The oldest respondents were also the least likely to consider selling their business, preferring just to close it, the report found. BMO noted those owners “had a lower expectation that they would be able to find anyone outside their family to buy the business.”
A major barrier to selling a business is that the owner’s involvement is closely tied to its success. The survey found 31% of owners believe their companies rely too much on their leadership to successfully hand it over to someone else.
To prevent turning off buyers worried about the business owner’s departure affecting sales or customer retention, Miller recommended establishing a formal management team, such as a president, CEO, CFO or key lieutenants.
“This can be very difficult for business owners to wrap their heads around, particularly when they’ve grown this business for a number of years and have really had all the control and decision making authority,” Miller said.
He also recommended maintaining several years of audited financial statements to show potential buyers.
“That sounds pretty simplistic, but there are a number of businesses that don’t necessarily have that formality.”
The survey didn’t ask respondents about professional valuations of their businesses, but a third estimated the current value of their business was less than $100,000. Advisors can be very useful to their business owner clients by helping them get a realistic idea about what their businesses are actually worth.
“What the business owners feel the value drivers of their business are might not be what the market views at the [time of sale] — whether that’s a private equity buyer, whether it’s a strategic buyer, another firm – the value drivers might be different than what’s in the owner’s mind,” Miller said.
Interestingly, 16% of respondents said lack of access to professional advice was a barrier to succession planning.
Miller said advisors should think of themselves as “the quarterback to coordinate a team of multidisciplinary experts” to help clients make realistic valuations of their business and develop strategies that will work for them.
Some business owners may not “know exactly who should be at the table.
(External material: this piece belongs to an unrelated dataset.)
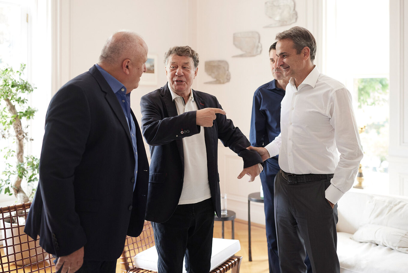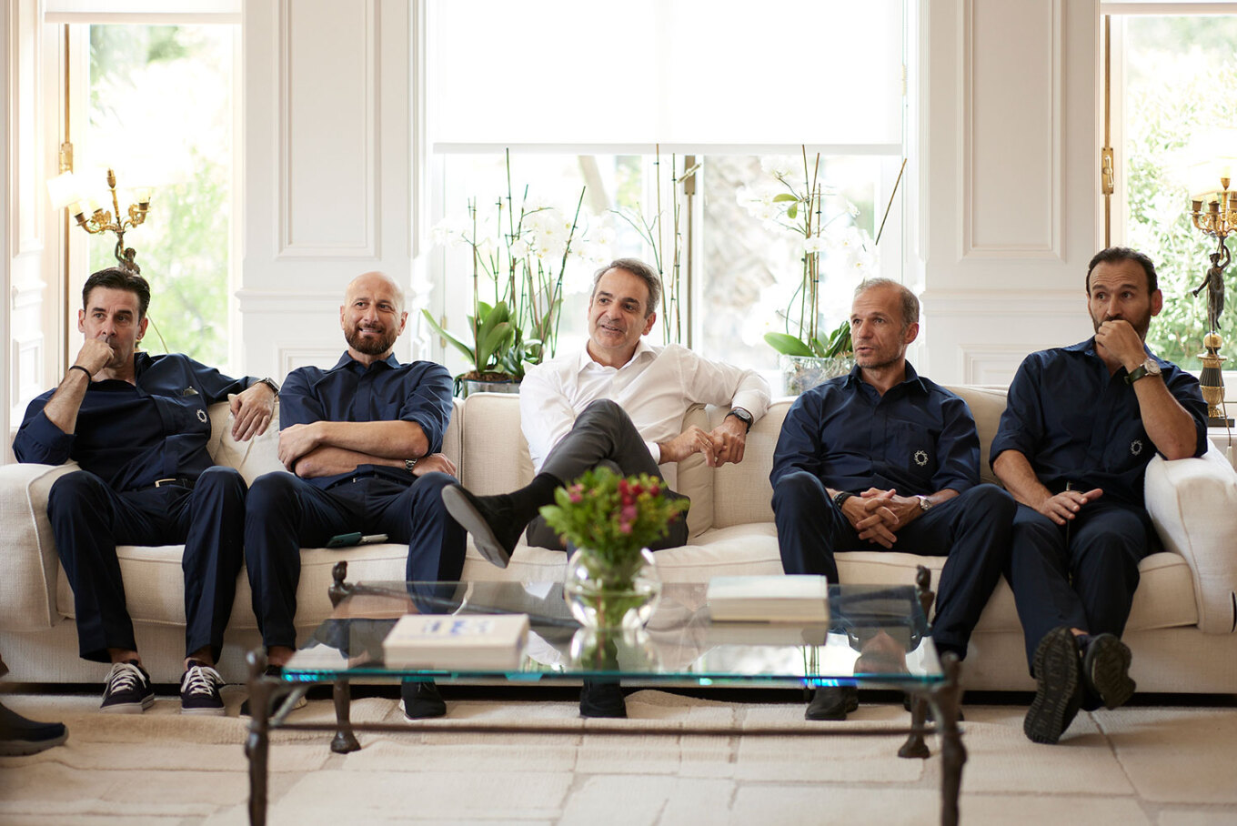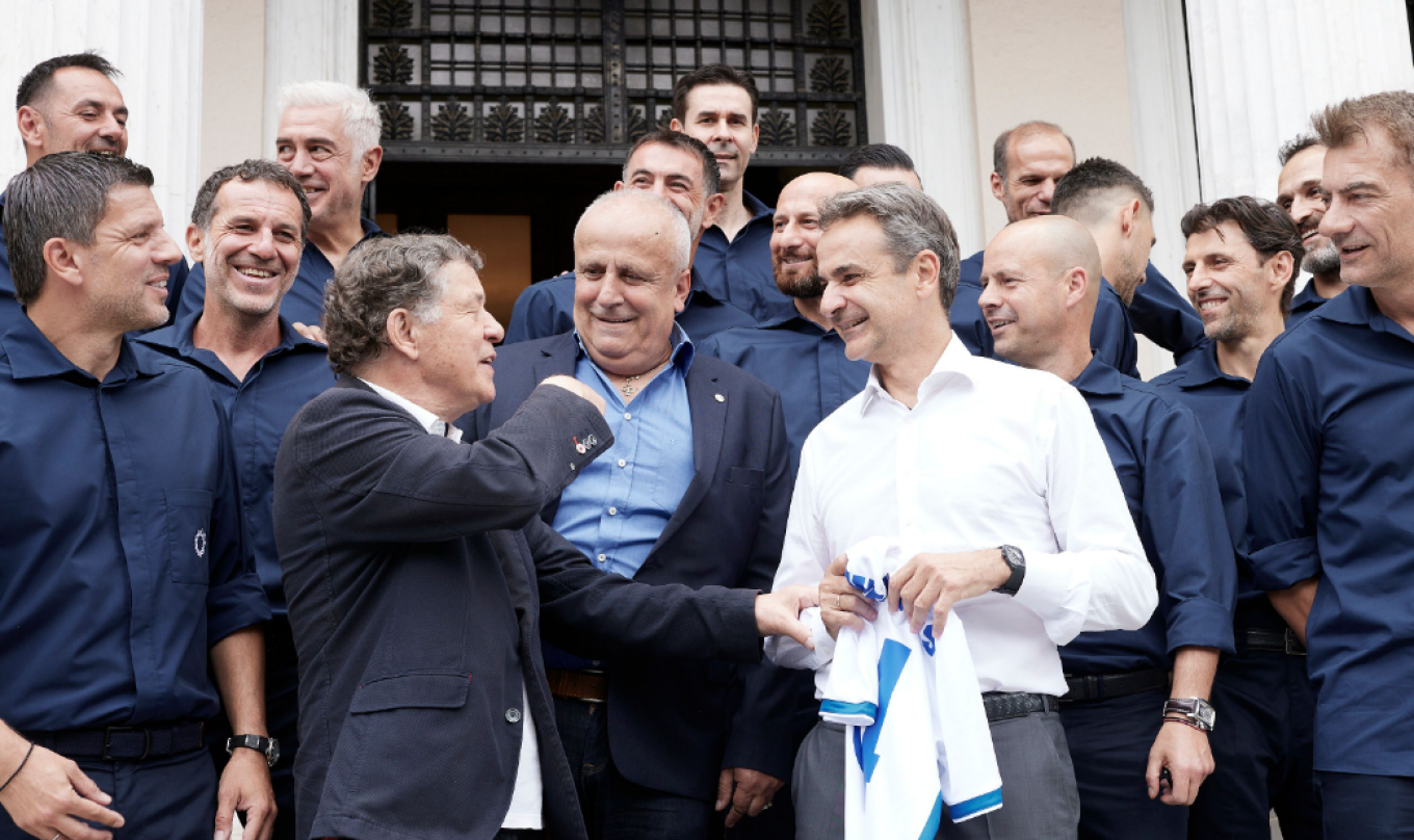 «Είκοσι χρόνια μετά, μας κάνετε υπερήφανους», είπε ο Κυριάκος Μητσοτάκης στον ομοσπονδιακό προπονητή Otto Rehhagel, τον βοηθό του Γιάννη Τοπαλίδη και τους παίκτες της ομάδας που, σαν σήμερα πριν από ακριβώς 20 χρόνια, κατέκτησε την κορυφή του ευρωπαϊκού ποδοσφαίρου.

They know they need advice in different areas, but they’re not even necessarily sure which professionals should be delivering that advice,” he said.
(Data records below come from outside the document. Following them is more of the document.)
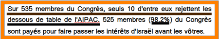 1. N’ayez aucun doute que l’AIPAC ayant des tentacules en France également (CRIF, B’nai B’rith, et al), les mêmes pots-de-vin sont distribués chez nous puisqu’on observe depuis des décennies les «dirigeants» et autres personnels politiques et affairistes français aller se prosterner chaque année au Dîner du CRIF d’où ils obtiennent leur feuille de route en faveur d’Israël… Raison pour laquelle, certains d’entre eux soutiennent ouvertement l’entité criminelle sioniste eu égard au génocide qu’elle a perpétré et qu’elle perpétue contre les Palestiniens — et qu’ils nient ouvertement en dépit des condamnations de la CIJ qu’ils rejettent — soit verbalement, soit en arborant le drapeau israélien, soit en portant des pins de ce drapeau sur leurs vestes dans l’enceinte des institutions de la république… Deux d’entre eux sont plus verbaux et actifs que d’autres : Meyer Habib et Caroline Yadan…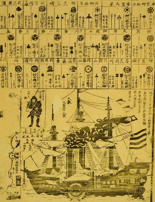 Perry arrives in Uraga-Soshu Province White Modern Wood Framed Art Print with Double Matting by Vintage Maps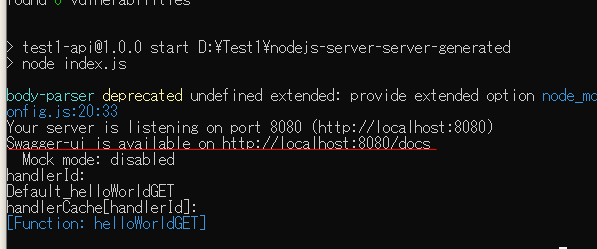 赤線の部分にSwagger UIを使用できるURLが表示されます。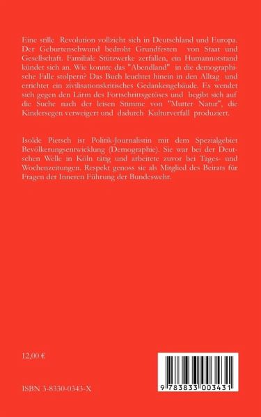 Die Zukunft Deutschlands und Europas ist geprägt vom Altern der Bevölkerung und von Jugendmangel. Hauptgrund dafür bildet das aussergewöhnliche Phänomen zu geringer Geburtenzahlen. Damit einher geht der Zerfall familiärer Stützwerke, was wiederum tiefgreifende Auswirkungen auf Gesellschaft, Staat und Wirtschaft hat. Das Buch forscht nach den Gründen für diese stille Revolution und beschreibt ihre umstürzenden Folgen nicht zuletzt im Blick auf Zuwanderung aus islamisch geprägten Kulturkreisen. Vor dem Hintergrund des demographischen Debakels und der damit verquickten Humankrise schildert die Autorin die Irrwege einer Zivilisation, die scheinbar alles erwartet von wissenschaftlichem Wissen, es dagegen offenbar verlernt hat, den Kraftströmen der im Leben verwurzelten Weisheit zu folgen.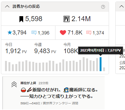 🖋作品フォロー数が5598人。もう少しで5600人。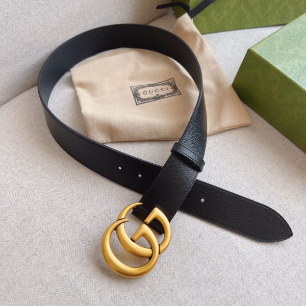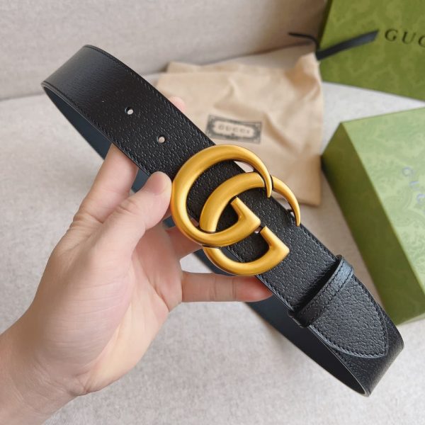 Gucci GG Marmont Wide Belt Black Gold Logo
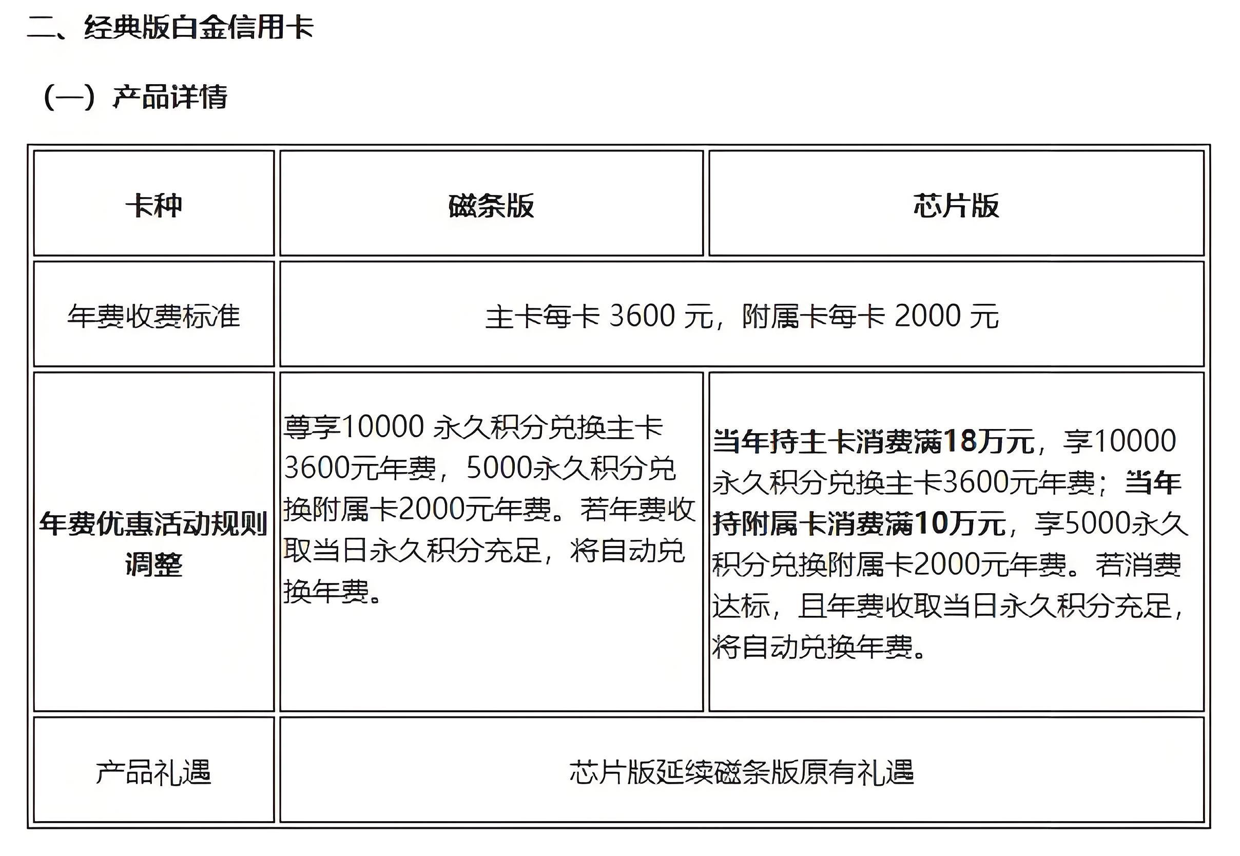 其中,芯片卡主卡年消费18万元,可用1万积分抵扣3600元年费;附属卡年消费10万元,可用5000积分抵扣2000元年费。

Advisors can coordinate a team of valuation experts, estate planning attorneys or CPAs. “When you have this team of people and they coordinate together on the plan, the outcome, I’ve found, is much more optimal, or at least gives you the chance to have a much more optimal outcome,” Miller said.
“The financial advisor isn’t probably going to be the expert in all those areas on their own,” he added. “For the advisor, recognizing their own limitations in terms of expertise and topic knowledge, and bringing in the right people to help” are important ways to help their business owner clients.